Singapore International Violin Competition – Grand Finals 2015
Tchaikovsky Concerto – Sirena HUANG (USA)
Sibelius Concerto – Benny Yu-Chien TSENG (Taiwan)
Brahms Concerto – Richard LIN (Taiwan)
Singapore Symphony Orchestra
21 Jan 2015, Esplanade Concert Hall
Report by Derek Lim
Music competitions are where the dreams of many crash and die – sometimes unfairly so. One can certainly tell a technically good violinist from a technically less accomplished one from how cleanly, how fast they can play passages, how agile their fingers are, but beyond that, ranking of one musician above his peers, especially at the highest levels is not easy, and I do not envy the judges their difficult task of judging this, the first Singapore International Violin Competition.
The starry panel included Pierre Amoyal, Shmuel Ashkenasi (of the Vermeer Quartet) as well as jury chair Qian Zhou.
We heard three violinists tonight in the grand finale of the Singapore International Violin Competition.
First up was Sirena Huang, with the Tchaikovsky concerto – a warhorse that under the right hands can still dazzle and enchant. Unfortunately, that did not happen here, in an account that was technically perfect, but seemingly calculated to bore.
At a competition finale, one expects technical finesse and perfection, yes, but also, hopefully, temperament, musicality and chance-taking. In this, Sirena was what music-loves have come to stereotype as an ‘Asian violinist’ – beautifully sweet tone, impeccable double and triple stops, incredibly reliable in the quick passages, but with no sense of what the music needed and little idea of how to shape it and what to communicate. She was far too careful and lacked fantasy – the last thing you’d expect in a piece like the Tchaikovsky.

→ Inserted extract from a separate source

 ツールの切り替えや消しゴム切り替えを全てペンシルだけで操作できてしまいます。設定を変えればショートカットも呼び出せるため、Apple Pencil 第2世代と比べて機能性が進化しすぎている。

My verdict: How ever did she get into the finals?
The tall and lanky Taiwanese violinist Richard Lin played the Brahms concerto after the interval. Technically just as assured, he was far more involved than Huang, but he squandered several expressive opportunities, including even the (admittedly ‘obvious’) dolce pianissimo passage after his impressive Joachim cadenza. The best performances of the Brahms happen when the soloist listens to the orchestra, and is ‘part’ of it, and that didn’t seem to happen here, with Lin taking on a more traditional ‘soloist’ role. The second movement, while played rather nicely, was out of his emotional depth, missing that bit of Brahmsian regret. The gypsy finale, blazed with a virtuosity that he seemed more comfortable with.
My verdict: Very good, much better than Huang. But still lacking something special.

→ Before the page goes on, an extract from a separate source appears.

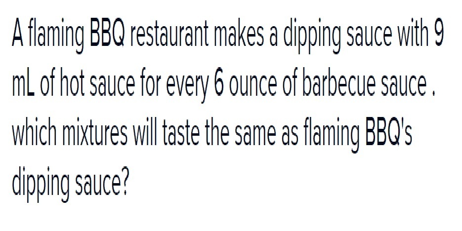 1.5/1-----> for each 1.5 ml hot sauce-------> has 1 ounce of barbecue sauce
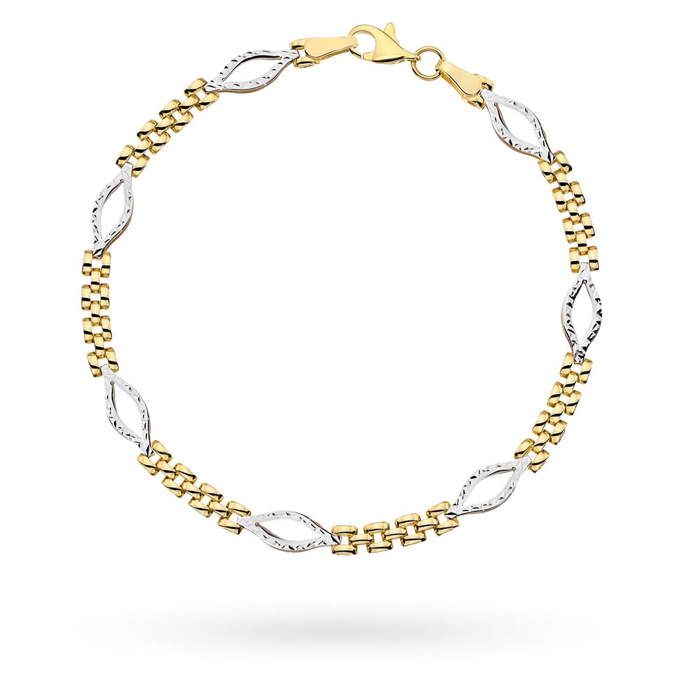 Precyzyjnie wykonana złota celebrytka bransoletka próby 585 w dwóch kolorach złota. Doskonała na prezent dla bliskiej osoby na urodziny, imieniny czy inna okazję.

The Sibelius concerto has seen an increasing appearance at competitions and is itself commonly paired with the Tchaikovsky concerto on disc nowadays, and it’s not difficult to see why – lots of chances for virtuosity to come through, numerous solo passages of great difficulty, chances for expressiveness. In this competition, out of 35 contestants, no less than 16 chose the Finnish composer’s warhorse, compared to 8 Tchaikovskys. 5 Brahms, 4 Mendelssohns, 1 Beethoven and 1 Prokofiev 2.
But the concerto also demands a certain inner, Nordic temperament, or else overwhelming virtuosity, which even on record is hard to find. Naturally, statistically, it’s not hard to imagine a mismatch between the temperament of the violinist and the concerto, so I listened intently. Armed with a gorgeous lower range on his violin, though a less reliable technique than Wang, Taiwanese Benny Yu-Chien Tseng wowed by his panache instead. His first movement entry was beautifully handled, with not too Romantic an approach overall, impressively taken cadenza passages, and he knew how to create drama in the rhetorical rests.
The second movement was a bit too extrovert and ‘straight’ – his two first row first violinists, both of whom have played the concerto before, could have both schooled him in how to approach the heart of this movement. Put it down to youth perhaps? But his finale was confident in its skipping rhythm and here he showed off not only his left hand agility but proficiency in staccato. Beautifully done single up-bow double stops and a great ease with the violinistic gymnastics made it performance to sit up and watch.
My verdict: the best performance of the evening, a shoo-in.
It would not do to leave the industrious orchestra out, but I’m afraid that though the SSO played as well as they have, Vladimir Verbitsky did not bring out the best in them, with some moments which did not at all favour the soloists. While his understanding of Russian music probably played to best advantage in the Tchaikovsky, where he led a decent if bland performance, the Sibelius was notable for its lugubriousness, refusing to let the soloist have his head. The third movement in particular began disastrously, with a curiously off-beat timpani which Tseng, to his great credit, did not let affect him. The Brahms was started too quickly by half and he did not provide an adequate orchestral foil for the soloist in this most symphonic of concertos.
In the end, the rankings were clear and the judges made the right choice – Tseng took the USD50,000 top prize, with Lin second (USD25,000)and Huang (for me anyway, a distant) third with USD15,000. A most interesting first edition of the Singapore International Violin Competition!